🤖 AI Summary
To address high communication overhead and GPU load imbalance in full-batch Graph Neural Network (GNN) training on single-server multi-GPU systems, this paper proposes a joint caching and resource-aware graph partitioning framework. Our method innovatively integrates an adaptive feature caching mechanism with a dynamic graph partitioning strategy tailored to GPU heterogeneity, jointly optimizing CPU-GPU memory hierarchy utilization and computational resource allocation. It achieves co-optimization across three dimensions: subgraph size, feature reuse, and communication granularity. Extensive experiments on multiple large-scale graph datasets demonstrate that our approach reduces total communication volume by up to 96% and accelerates end-to-end training by up to 12.7× over state-of-the-art methods. This significantly improves scalability and hardware utilization of full-batch GNN training.
📝 Abstract
Graph Neural Networks (GNNs) have shown remarkable capabilities in processing graph-structured data prevalent in various real-world applications. However, the scalability of full-batch GNN training becomes severely limited by high communication overhead and load imbalance in distributed environments. In this paper, we present CaPGNN, a novel framework for efficient parallel full-batch GNN training on single-server with multi-GPU, designed specifically to reduce redundant inter-GPU communication and balance computational workloads. We propose a joint adaptive caching algorithm that leverages both CPU and GPU memory to significantly reduce the repetitive transmission of vertex features across partitions.

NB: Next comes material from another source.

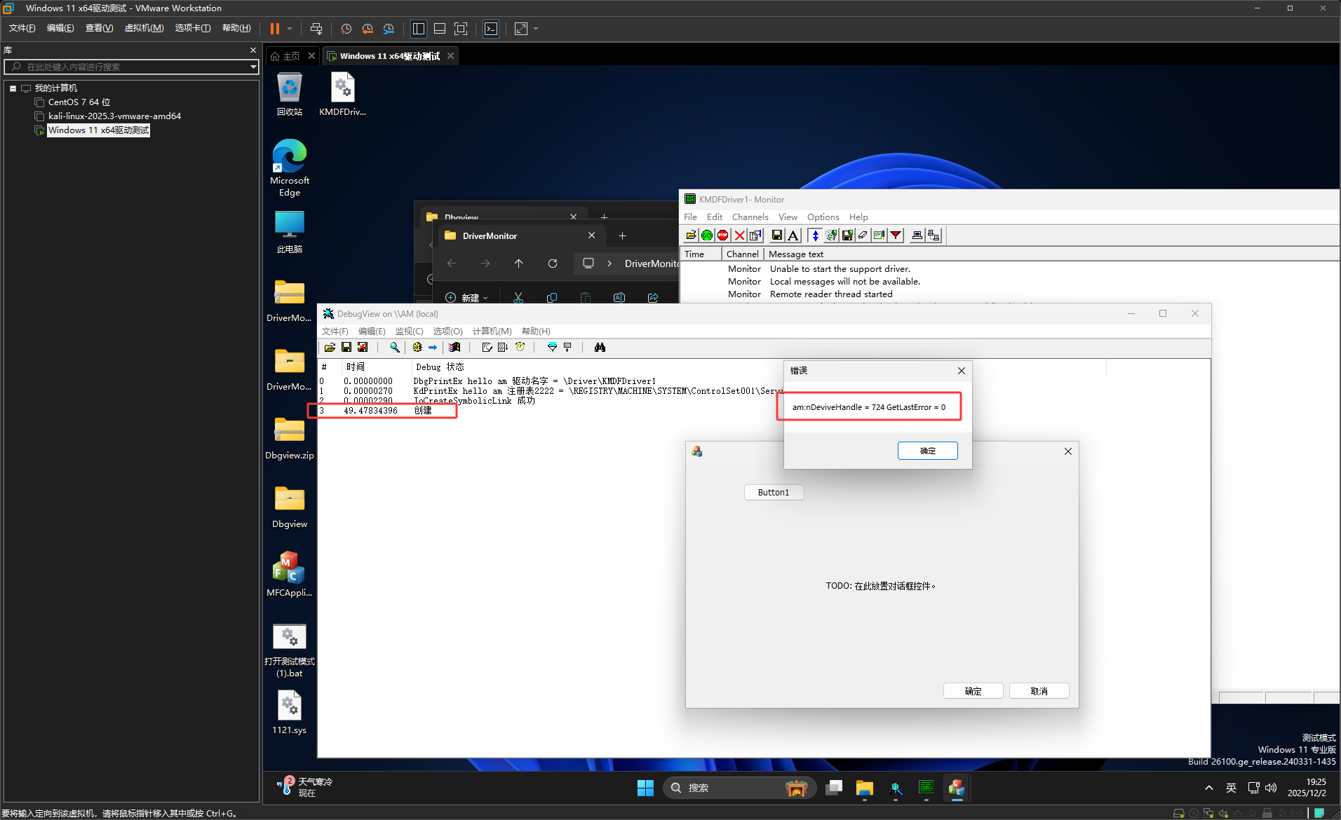 // → 内核驱动中 IoCreateSymbolicLink 调用失败(符号链接未创建)

Additionally, we introduce a resource-aware graph partitioning algorithm that adjusts subgraph sizes dynamically according to the heterogeneous computational and communication capacities of GPUs. Extensive experiments on large-scale benchmark datasets demonstrate that CaPGNN effectively reduces communication costs by up to 96% and accelerates GNN training by up to 12.7 times compared to state-of-the-art approaches. Our results highlight the potential of adaptive caching and resource-aware partitioning to facilitate scalable, efficient, and practical deployment of full-batch GNN training in distributed computing environments.